To mark Human Rights Day on the tenth of December, we will spend this month exploring business and human rights. The Centre for Business, Organisations and Society will also host the webinar "Business and Human Rights: A scholarly contribution to the ‘decade of action’" where academics will share lessons from their research, revealing how businesses can implement effective human rights practices and policies.
New research from Elisa Giuliani, Annamaria Tuan and Josè Calvimontes explores how effective ‘Creating Shared Value’ projects are at balancing the financial and ethical responsibilities of a business. They emphasise the need to re-conceptualise decision-making in order to give environmental and social priorities equal footing with the economic priorities.
Corporate social responsibility (CSR) policies are fast becoming the norm in all types of firms, in advanced countries as well as low-to-middle income countries.
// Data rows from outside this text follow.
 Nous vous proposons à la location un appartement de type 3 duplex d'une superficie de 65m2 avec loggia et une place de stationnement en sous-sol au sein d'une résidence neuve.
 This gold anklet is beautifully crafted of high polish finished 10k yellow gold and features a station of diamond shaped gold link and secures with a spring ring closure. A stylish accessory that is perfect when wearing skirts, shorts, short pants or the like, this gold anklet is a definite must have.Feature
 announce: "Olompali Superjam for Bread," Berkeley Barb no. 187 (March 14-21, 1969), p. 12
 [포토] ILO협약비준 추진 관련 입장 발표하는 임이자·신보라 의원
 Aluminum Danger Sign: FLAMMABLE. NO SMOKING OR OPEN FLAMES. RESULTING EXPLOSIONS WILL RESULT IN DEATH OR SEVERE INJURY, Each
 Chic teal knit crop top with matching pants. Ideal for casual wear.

In these latter countries, the influential work of Michael Porter and associates has led to the adoption of many so-called “Creating Shared Value” (CSV) initiatives. These initiatives are based on a ‘win–win’ logic - that firms can prioritise environmental and social challenges while also generating profits and meeting stakeholder expectations. For example, Nestlé was one of the first to introduce CSV projects in its operations, and many other organisations followed suit.
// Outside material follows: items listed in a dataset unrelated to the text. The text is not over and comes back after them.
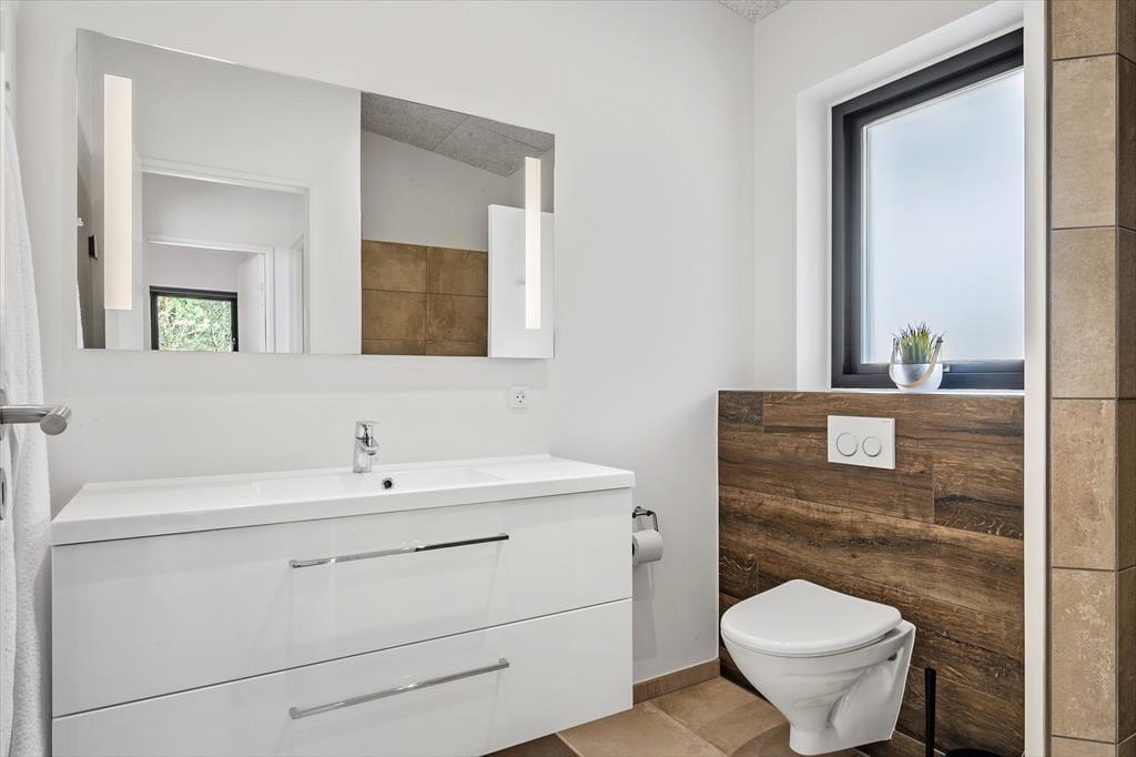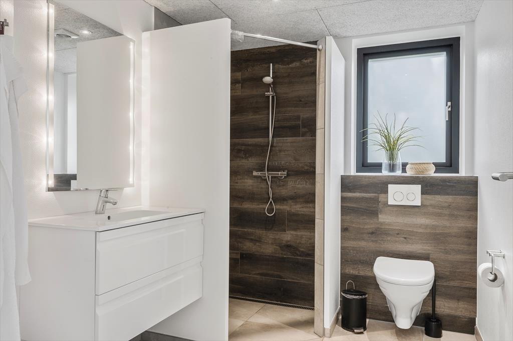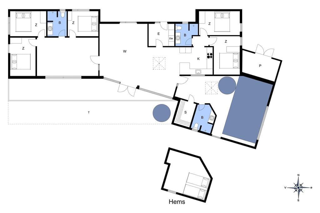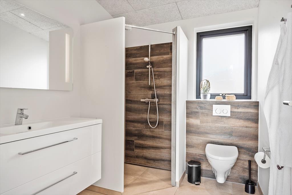 Med et boligareal på 242 m2 kan 12 feriegæster uden tvivl finde sig godt til rette i sommerhuset. Fem soveværelser er alle udstyrede med masser af skabsplads og komfortable dobbeltsenge, og derudover finder I to ekstra sovepladser på hemsen over køkkenet. To af husets badeværelser er fornuftigt placeret ved soveafdelingerne, mens et tredje badeværelse er del af wellnessafdelingen. I sommerhuset fuldendes luksus-oplevelsen også af knap så synlige detaljer: Overalt sørger lyddæmpede lofter for en behagelig akustik, og der er gulvvarme i alle rum.
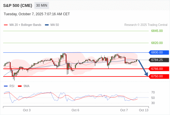 在 6800.00 之下,看跌,目标价位为 6766.00 ,然后为 6750.00 。
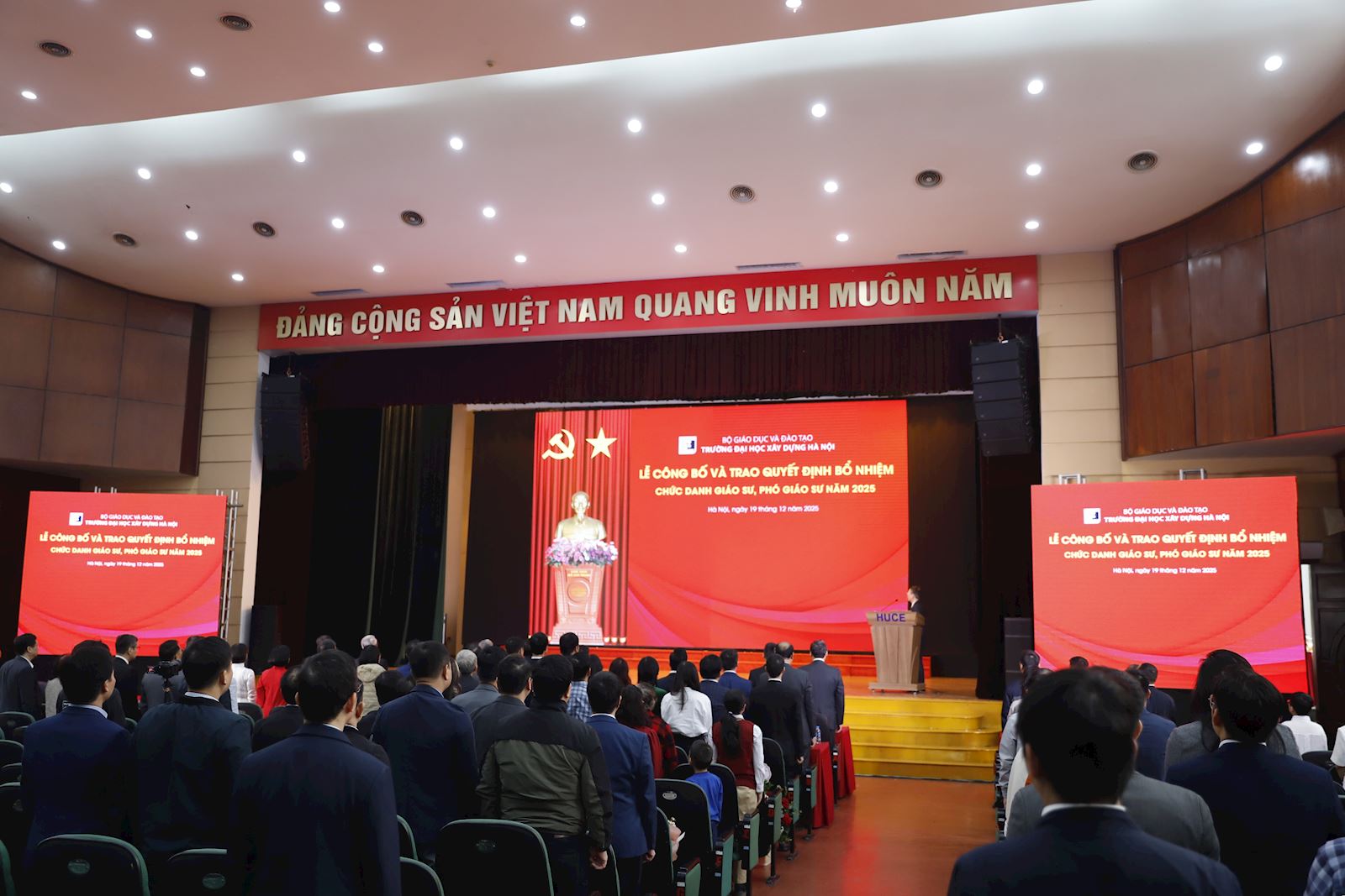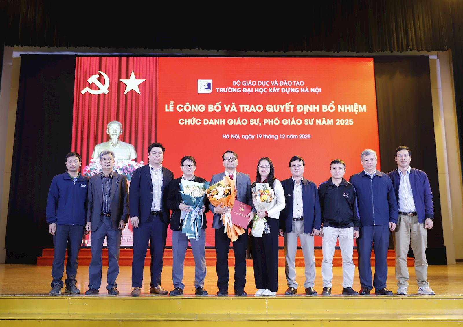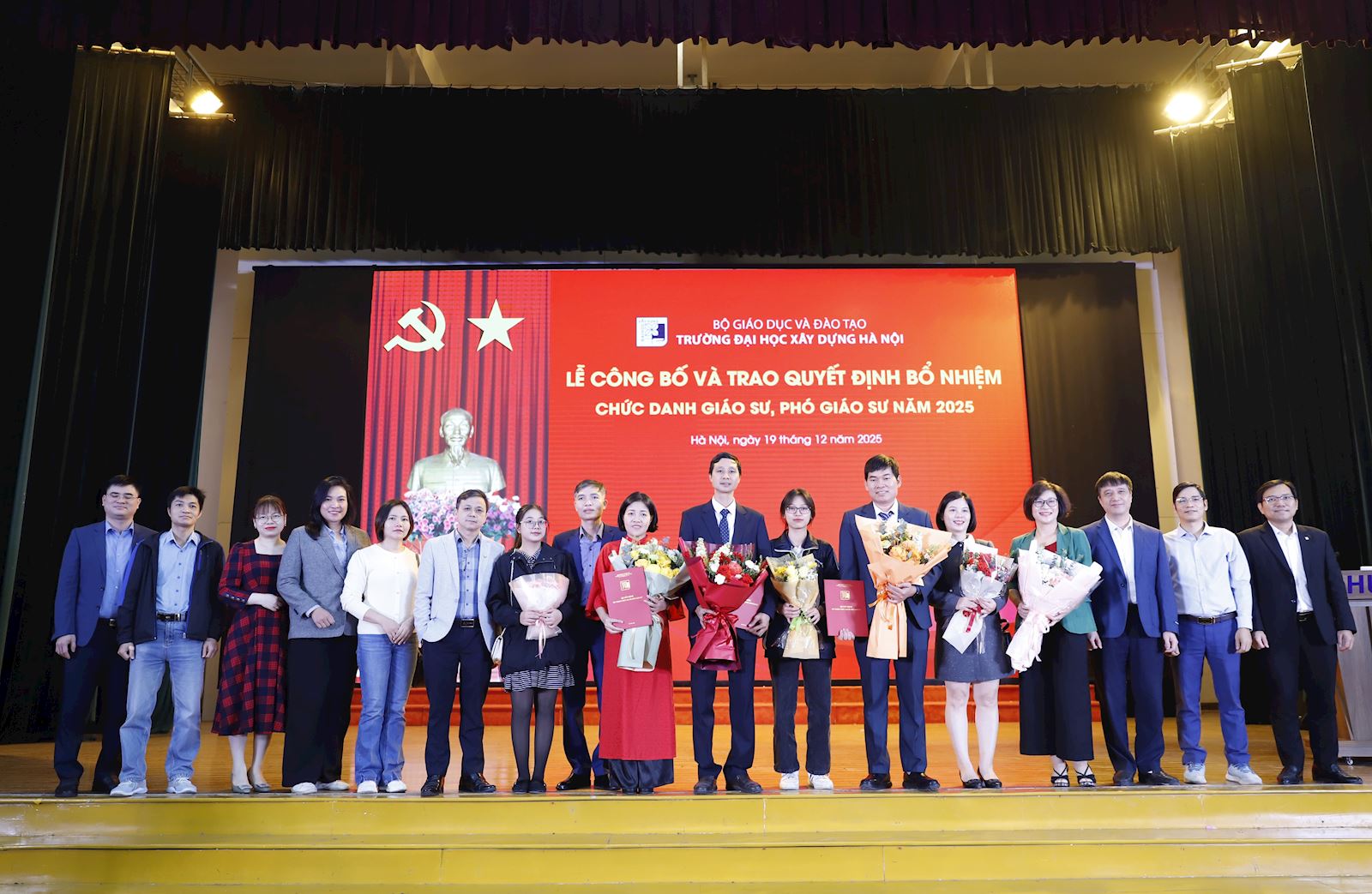 Ngày 19/12/2025, Trường Đại học Xây dựng Hà Nội đã long trọng tổ chức Lễ Công bố và Trao Quyết định bổ nhiệm chức danh Giáo sư (GS) và Phó Giáo sư (PGS) năm 2025. Đây là một sự kiện đặc biệt khẳng định vị thế và tầm vóc của Trường Đại học Xây dựng Hà Nội trong công tác giảng dạy và nghiên cứu khoa học.

Despite its popularity and widespread adoption, Porter and Kramer’s original work on CSV has been the subject of extensive debate and critique from those questioning the originality of the construct. Scholars have also criticized its ‘win–win’ logic, expressing doubts about whether firms can really transform their business thinking without radically departing from the current corporate mindset.
Inspired by this criticism, we developed our own unique study, looking at cognitive frames. It explores how business actors make sense of CSV projects - this is important because our starting point was that the actions of economic decision-makers are shaped by the ways in which they make sense of something. We also wanted to look specifically at whether these business actors thought this shared value creation related to human rights, or whether it focused primarily on environmental behaviours (that are more likely to generate profit).
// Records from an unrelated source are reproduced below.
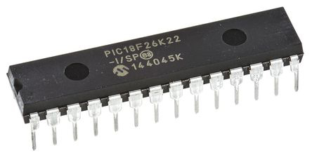 This is 8bit PIC Microcontroller 64MHz 64 kB Flash 28-Pin SPDIP manufactured by Microchip. The manufacturer part number is PIC18F26K22-I/SP. The given dimensions of the product include 1.37 x 0.29 x 0.14in. Moreover, it comprises 2 I2C channels. It contains 2 USART channels. Furthermore, the product is 0.29in wide. In addition, 64 kb is the program memory size. Furthermore, it is composed of 5 x 10 bit PWM units. The product has typical 1.024 kb, 3.896 kb RAM size. Moreover, the data bus width includes 8bit. The instruction set has risc architecture. It is a flash program memory type. The package is a sort of spdip. It features 64mhz of maximum frequency. It contains 0 PCI channel . It includes 0 dedicated LIN channels . It has a maximum operating temperature of +85 °c. It is also composed of 0 UART channels. Whereas, the minimum operating temperature of the product is -40 °c. The product belongs to a family pic18f. On the other hand, the pic is the device core. Its accurate length is 34.8mm. It contains 1 ADC units. It contains 28 pins. The product carries 1 x 10 bit, 2 (2 x 10 bit) of pulse width modulation. The product is available in through hole configuration. It contains 0 dedicated ethernet channels . In addition, the height is 3.56mm. It has 5.5 v of typical operating supply voltage. The ADCs included 17 x 10 bit. Moreover, it consists of 0 CAN channels. Furthermore, it is composed of 2 SPI channels.
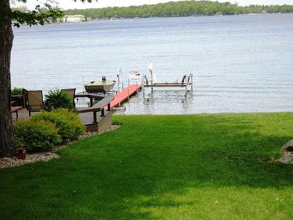 Spotless is the impression when you walk through the door. This has to be one of the best and well maintained lake homes around. Absolutely stunning lake views across the entire lake. 52 ft of pristine lakefront with seawall and great swim beach that has a gradual decent. Main level bedroom and bath. Large open dormer style upper bedroom that could be made into 2 bedrooms very easily. All natural wood work and natural wood floors on the upper level. Also there is a back lot with a 1 car detached garage with an upper loft that has a workshop and storage. This offers extra parking as well. All of this and its on a level lot, plus the home comes totaly furnished right down to the pots & pans, dishes linens etc + a Toro mulching mower. Some personal wall hangings and a couple bed spreads upstairs are reserved. Dont wait and miss out on this cutiecome see for yourself.
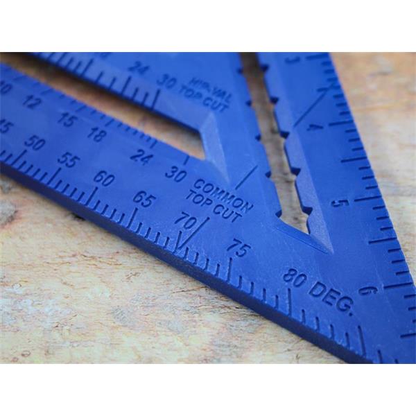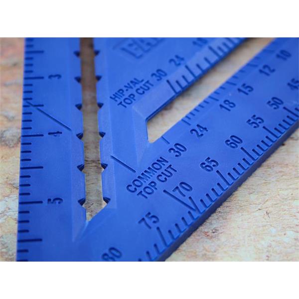 It can be used as a protractor, try square, mitre square, framing square, or for measuring quick and easy 90 and 45 degree angles. The square is durable, flexible, and the ideal tool to calculating hips, valleys and angles on roofs.
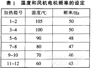 為了盡可能改善絲光色紗手感和柔軟性.采用較低溫度和慢烘干 工藝.設(shè)定溫度自進(jìn)口端遞減 由 于濕紗在烘箱中經(jīng)歷從濕態(tài)至干 態(tài)的變化.故從保證紗線不吹亂 和節(jié)能兩方面考慮.當(dāng)所用烘箱 配置風(fēng)機(jī)電機(jī)變頻器時(shí).應(yīng)按前 后箱號(hào)從高至低設(shè)定不同轉(zhuǎn)速 具體溫度設(shè)定和風(fēng)機(jī)電機(jī)的頻率 如表1所示
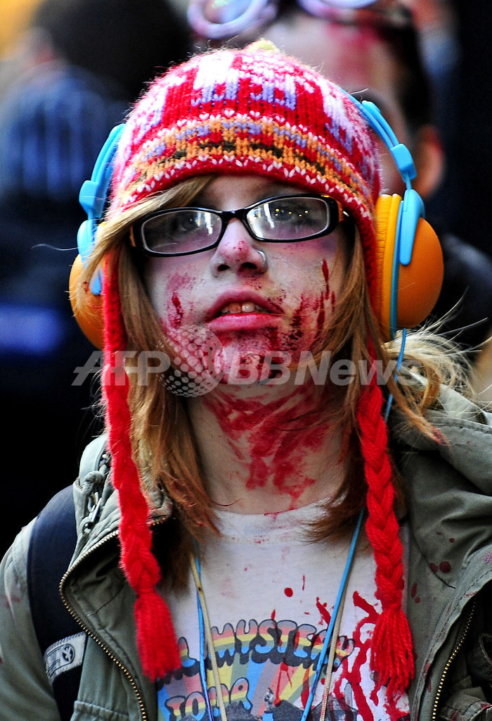 ニュース ライフ こぼれ話 マンハッタンがゾンビの街に 2010年10月17日 9:19 発信地:ニューヨーク/米国 [ 北米 米国 ] このニュースをシェア ‹ › ❮ 3/64 ❯ ニューヨーク市(New York City)のマンハッタン(Manhattan)で16日、毎年恒例のゾンビの祭典「ゾンビコン(Zombiecon)」が開催され、数百人のゾンビたちが街を練り歩き、バーやパブなどに顔を出した。このイベントは、ことしで6回目(2010年10月16日撮影)。(c)AFP/Emmanuel Dunand 画像作成中 ! 【10月17日 AFP】ニューヨーク市(New York City)のマンハッタン(Manhattan)で16日、毎年恒例のゾンビの祭典「ゾンビコン(Zombiecon)」が開催され、数百人のゾンビたちが街を練り歩き、バーやパブなどに顔を出した。このイベントは、ことしで6回目。(c)AFP ライフ 一覧へ> メディア・報道関係・法人の方向け 写真・動画 購入のお問合せ>
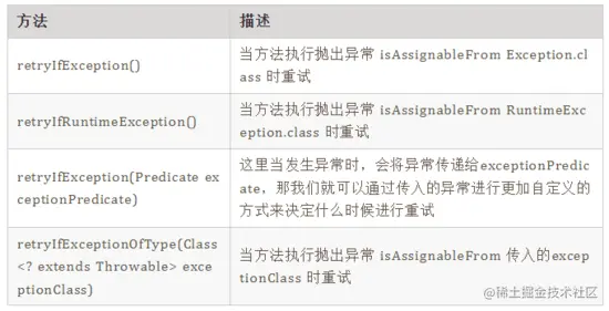 RetryerBuilder的retryIfXXX()方法用来设置**在什么情况下进行重试,总体上可以分为根据执行异常进行重试和根据方法执行结果进行重试两类。关注公众号:“码猿技术专栏”,回复关键词:“1111” 获取阿里内部Java调优手册

To do this we conducted an empirical investigation of small-scale entrepreneurs and other business actors in their local ecosystem, in a low-to-medium income country in Latin America, where CSV projects have gained some traction recently.
What are the dominant cognitive frames?
By interviewing relevant professionals involved in the implementation of CSV, business representatives (entrepreneurs or managers) from the different industry clusters and representatives of a local non-profit organization, we found three distinct cognitive frames:
- Growth first: This was the most prevalent frame, and prioritises economic over social and environmental goals. It says that social, environmental, and human rights benefits trickle down from economic growth and wealth generation.
- Green-win: This frame suggests a clear financial imperative to the win-win logic - meaning that environmental sustainability is pursued only if there are clear and foreseeable economic payoffs.
- Humanising the business: A niche frame that centers certain human rights goals, despite a perceived lack of immediate economic returns. The emphasis was on respect for labour rights, the avoidance of health hazards, and the protection of vulnerable groups.
The profit-focused mindset remains
Our article suggests that most respondents displayed standard, pro-business mental models, even when trained in and motivated to promote CSV projects. The most prevalent model was one that saw the firm’s role as a ‘profit maximiser’ and believed in the existence of ‘trickle down’ economics, meaning that economic growth will inevitably lead to societal wellbeing.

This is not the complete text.